Northwestern Medicine scientists have revealed a new role for a protein in Legionella pneumophila, a bacteria that replicates in amoebae in natural and manmade water systems, causing Legionnaires’ disease.

In a paper published in Infection and Immunity, they demonstrated that this protein, Cas2, has nucleus activity, or the ability to cleave the bonds between nucleic acids including RNA and DNA.

“We think this protein is modifying bacterial RNA expression so that L. pneumophila virulence toward amoebae is expressed more effectively,” said Nicholas Cianciotto, PhD, professor in Microbiology-Immunology.

Previously, Cianciotto and his co-authors had showed in a paper published in mBio that the Cas2 protein promotes Legionella infection of different species of amoebae. In addition to providing a place to grow and replicate, the amoebae host can protect the bacteria from biocides that would normally kill the organism.

“The bacteria become amplified by growing in the amoebae and as a result, are more likely to be aerosolized and inhaled by us,” Cianciotto said. “Amoebae are important in the transmission of the disease-causing bacteria from the environment to the human host, so the fact that this protein promotes infection of amoebae by L. pneumophila is quite significant in terms of understanding the genesis of disease.”

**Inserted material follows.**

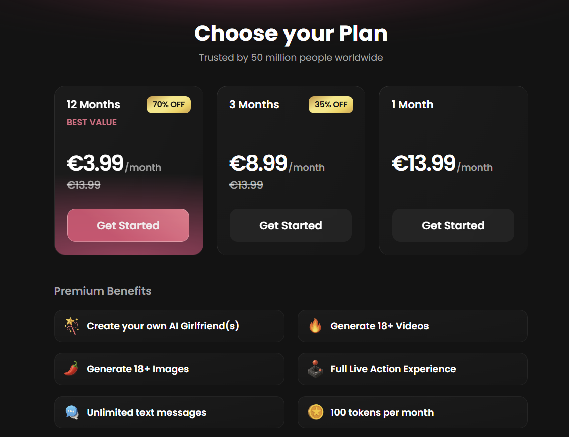 | 12 Months | €3.99/mo | Full Premium, 100 tokens, best value |

In this study, the Cianciotto lab created different forms of Cas2 and compared them to identify the active part of the protein. They then mutated Cas2 in the Legionella bacteria and found the mutant bacteria had a diminished ability to infect the amoebae.

Taking this research one step further, Cianciotto and his co-authors inserted the gene that codes for Cas2 into a strain of L. pneumophila that naturally lacks the gene and discovered that it caused the strain to become more infectious for amoebae.

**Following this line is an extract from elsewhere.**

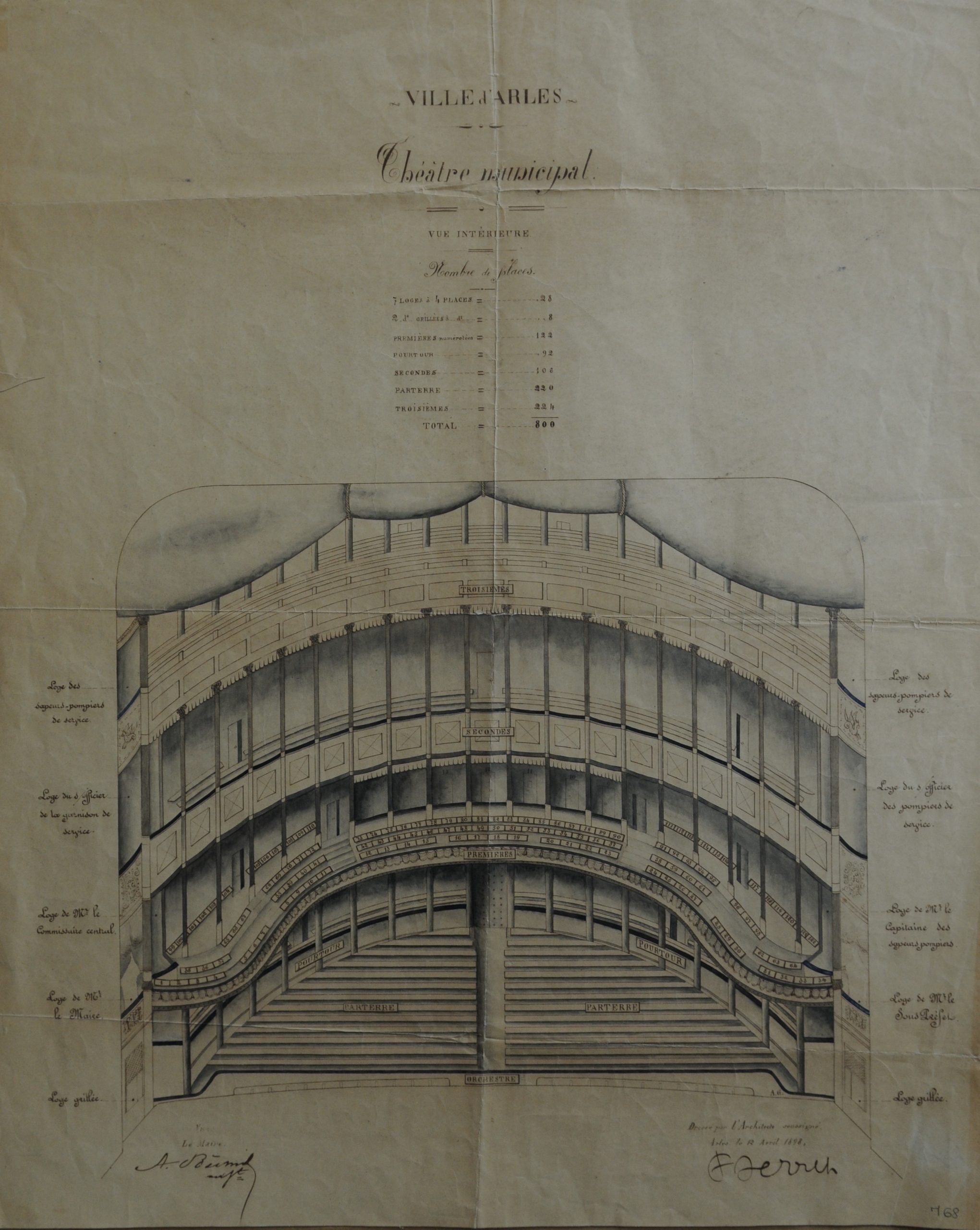 Le 18 février 1828 le Maire prit l’initiative de trouver un architecte pour la construction du théâtre. Au printemps 1828, Alphonse Henri de Gisors (1796 – 1861) fit parvenir le programme architectural dont seuls les plans et le devis sont conservés aux archives d’Arles. Bien qu’en 1830 ce projet ait été accepté par l’État, la construction dut s’arrêter et il fut abandonné.

Nicholas Cianciotto, PhD, professor in Microbiology-Immunology, whose lab revealed a new role for a protein involved in the replication of the bacteria that causes Legionnaires’ disease. 

 

“This suggests that in the natural environment, there is a selective advantage for strains to acquire this gene and to retain it,” he said.

Cianciotto said the paper not only defines a new virulence component of the Legionella bacterium but also provides insight into how the Cas family of proteins function and work in a larger system, called CRISPR-Cas. This system has previously been described as providing bacteria with immunity against phages – viruses that infect bacteria – but the study shows that proteins in the CRISPR-Cas system have other responsibilities, as well.

“We have this idea that bacteria evolved the CRISPR-Cas system for phage immunity, but parts of this system can do other things. It is a real documentation of the way bacteria are very effective at using their small genomes to do many different things,” he said.

Cianciotto thinks these studies will prompt similar studies with other bacterial species and that further research on the enzymology of Cas2 proteins is needed.

In ongoing research, Cianciotto is collaborating with Wayne F. Anderson, PhD, professor in Biochemistry and Molecular Genetics, to determine the structure of L. pneumophila Cas2 and compare it to other proteins to discover any unique structural attributes.

Other futures studies will include finding the target(s) for the Cas2 activity in L. pneumophila and learning why the Cas2 mutant doesn’t grow well in the amoebae.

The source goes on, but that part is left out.